(Provided records)

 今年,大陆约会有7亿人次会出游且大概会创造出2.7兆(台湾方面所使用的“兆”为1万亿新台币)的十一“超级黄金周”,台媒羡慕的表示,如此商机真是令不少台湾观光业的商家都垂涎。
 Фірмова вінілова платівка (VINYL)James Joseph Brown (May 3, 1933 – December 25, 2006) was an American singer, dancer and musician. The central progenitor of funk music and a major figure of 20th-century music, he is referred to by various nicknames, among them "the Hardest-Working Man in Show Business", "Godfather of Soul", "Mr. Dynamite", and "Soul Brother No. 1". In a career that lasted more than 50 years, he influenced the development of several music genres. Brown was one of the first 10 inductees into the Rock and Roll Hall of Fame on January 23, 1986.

(End Provided records)
(Provided records)

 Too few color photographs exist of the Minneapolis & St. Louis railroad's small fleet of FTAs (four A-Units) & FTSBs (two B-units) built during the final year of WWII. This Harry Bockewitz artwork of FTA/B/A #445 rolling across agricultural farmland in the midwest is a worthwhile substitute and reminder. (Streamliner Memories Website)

(End Provided records)

Work to complete
Here the job is to set down exactly the lines of the material above that fall between the one with "今年,大陆约会有7亿人次会出" and the one with "Фірмова вінілова платівка", inclusive, and nothing beyond them.

Solution
 今年,大陆约会有7亿人次会出游且大概会创造出2.7兆(台湾方面所使用的“兆”为1万亿新台币)的十一“超级黄金周”,台媒羡慕的表示,如此商机真是令不少台湾观光业的商家都垂涎。
 Фірмова вінілова платівка (VINYL)James Joseph Brown (May 3, 1933 – December 25, 2006) was an American singer, dancer and musician. The central progenitor of funk music and a major figure of 20th-century music, he is referred to by various nicknames, among them "the Hardest-Working Man in Show Business", "Godfather of Soul", "Mr. Dynamite", and "Soul Brother No. 1". In a career that lasted more than 50 years, he influenced the development of several music genres. Brown was one of the first 10 inductees into the Rock and Roll Hall of Fame on January 23, 1986.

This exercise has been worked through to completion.